• _AIM OF THE EXERCISE_: Reproduce all entries verbatim, with nothing added or dropped.

Dataset entries
----------------

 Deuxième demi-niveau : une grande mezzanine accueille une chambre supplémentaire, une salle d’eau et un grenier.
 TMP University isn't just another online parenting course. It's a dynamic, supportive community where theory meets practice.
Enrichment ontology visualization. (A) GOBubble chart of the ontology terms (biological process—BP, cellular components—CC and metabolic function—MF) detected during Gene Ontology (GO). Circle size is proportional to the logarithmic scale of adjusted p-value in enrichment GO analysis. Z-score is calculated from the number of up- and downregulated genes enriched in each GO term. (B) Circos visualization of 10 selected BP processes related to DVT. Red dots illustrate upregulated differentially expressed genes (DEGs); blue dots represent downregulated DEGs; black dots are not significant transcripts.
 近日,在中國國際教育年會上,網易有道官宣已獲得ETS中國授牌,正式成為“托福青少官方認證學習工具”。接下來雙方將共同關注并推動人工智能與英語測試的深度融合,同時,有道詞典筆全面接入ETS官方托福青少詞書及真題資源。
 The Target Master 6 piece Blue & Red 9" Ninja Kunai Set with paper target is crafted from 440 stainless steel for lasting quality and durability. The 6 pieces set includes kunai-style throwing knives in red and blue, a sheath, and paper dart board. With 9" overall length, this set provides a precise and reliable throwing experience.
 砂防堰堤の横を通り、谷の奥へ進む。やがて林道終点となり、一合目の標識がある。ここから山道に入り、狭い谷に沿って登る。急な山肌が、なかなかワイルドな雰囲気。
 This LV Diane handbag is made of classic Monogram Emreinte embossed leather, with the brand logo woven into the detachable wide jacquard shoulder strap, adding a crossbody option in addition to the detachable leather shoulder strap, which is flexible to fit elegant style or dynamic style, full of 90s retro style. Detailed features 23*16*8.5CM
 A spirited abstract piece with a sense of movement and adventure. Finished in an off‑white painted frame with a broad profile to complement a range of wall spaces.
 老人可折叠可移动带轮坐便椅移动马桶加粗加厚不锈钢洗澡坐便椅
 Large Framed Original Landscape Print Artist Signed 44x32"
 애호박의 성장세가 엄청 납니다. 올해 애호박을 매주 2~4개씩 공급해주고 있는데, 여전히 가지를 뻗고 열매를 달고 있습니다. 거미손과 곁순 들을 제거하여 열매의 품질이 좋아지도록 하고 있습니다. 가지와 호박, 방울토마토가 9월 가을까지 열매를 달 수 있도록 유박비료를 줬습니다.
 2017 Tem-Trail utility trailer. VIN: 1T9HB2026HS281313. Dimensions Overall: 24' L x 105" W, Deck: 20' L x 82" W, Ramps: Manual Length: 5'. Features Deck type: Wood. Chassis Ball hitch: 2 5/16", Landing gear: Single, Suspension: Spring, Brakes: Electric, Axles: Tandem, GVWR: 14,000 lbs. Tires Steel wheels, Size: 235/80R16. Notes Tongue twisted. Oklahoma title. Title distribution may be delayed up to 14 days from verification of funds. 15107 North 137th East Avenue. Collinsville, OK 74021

----------------

• _WORKED SOLUTION_:
 Deuxième demi-niveau : une grande mezzanine accueille une chambre supplémentaire, une salle d’eau et un grenier.
 TMP University isn't just another online parenting course. It's a dynamic, supportive community where theory meets practice.
Enrichment ontology visualization. (A) GOBubble chart of the ontology terms (biological process—BP, cellular components—CC and metabolic function—MF) detected during Gene Ontology (GO). Circle size is proportional to the logarithmic scale of adjusted p-value in enrichment GO analysis. Z-score is calculated from the number of up- and downregulated genes enriched in each GO term. (B) Circos visualization of 10 selected BP processes related to DVT. Red dots illustrate upregulated differentially expressed genes (DEGs); blue dots represent downregulated DEGs; black dots are not significant transcripts.
 近日,在中國國際教育年會上,網易有道官宣已獲得ETS中國授牌,正式成為“托福青少官方認證學習工具”。接下來雙方將共同關注并推動人工智能與英語測試的深度融合,同時,有道詞典筆全面接入ETS官方托福青少詞書及真題資源。
 The Target Master 6 piece Blue & Red 9" Ninja Kunai Set with paper target is crafted from 440 stainless steel for lasting quality and durability. The 6 pieces set includes kunai-style throwing knives in red and blue, a sheath, and paper dart board. With 9" overall length, this set provides a precise and reliable throwing experience.
 砂防堰堤の横を通り、谷の奥へ進む。やがて林道終点となり、一合目の標識がある。ここから山道に入り、狭い谷に沿って登る。急な山肌が、なかなかワイルドな雰囲気。
 This LV Diane handbag is made of classic Monogram Emreinte embossed leather, with the brand logo woven into the detachable wide jacquard shoulder strap, adding a crossbody option in addition to the detachable leather shoulder strap, which is flexible to fit elegant style or dynamic style, full of 90s retro style. Detailed features 23*16*8.5CM
 A spirited abstract piece with a sense of movement and adventure. Finished in an off‑white painted frame with a broad profile to complement a range of wall spaces.
 老人可折叠可移动带轮坐便椅移动马桶加粗加厚不锈钢洗澡坐便椅
 Large Framed Original Landscape Print Artist Signed 44x32"
 애호박의 성장세가 엄청 납니다. 올해 애호박을 매주 2~4개씩 공급해주고 있는데, 여전히 가지를 뻗고 열매를 달고 있습니다. 거미손과 곁순 들을 제거하여 열매의 품질이 좋아지도록 하고 있습니다. 가지와 호박, 방울토마토가 9월 가을까지 열매를 달 수 있도록 유박비료를 줬습니다.
 2017 Tem-Trail utility trailer. VIN: 1T9HB2026HS281313. Dimensions Overall: 24' L x 105" W, Deck: 20' L x 82" W, Ramps: Manual Length: 5'. Features Deck type: Wood. Chassis Ball hitch: 2 5/16", Landing gear: Single, Suspension: Spring, Brakes: Electric, Axles: Tandem, GVWR: 14,000 lbs. Tires Steel wheels, Size: 235/80R16. Notes Tongue twisted. Oklahoma title. Title distribution may be delayed up to 14 days from verification of funds. 15107 North 137th East Avenue. Collinsville, OK 74021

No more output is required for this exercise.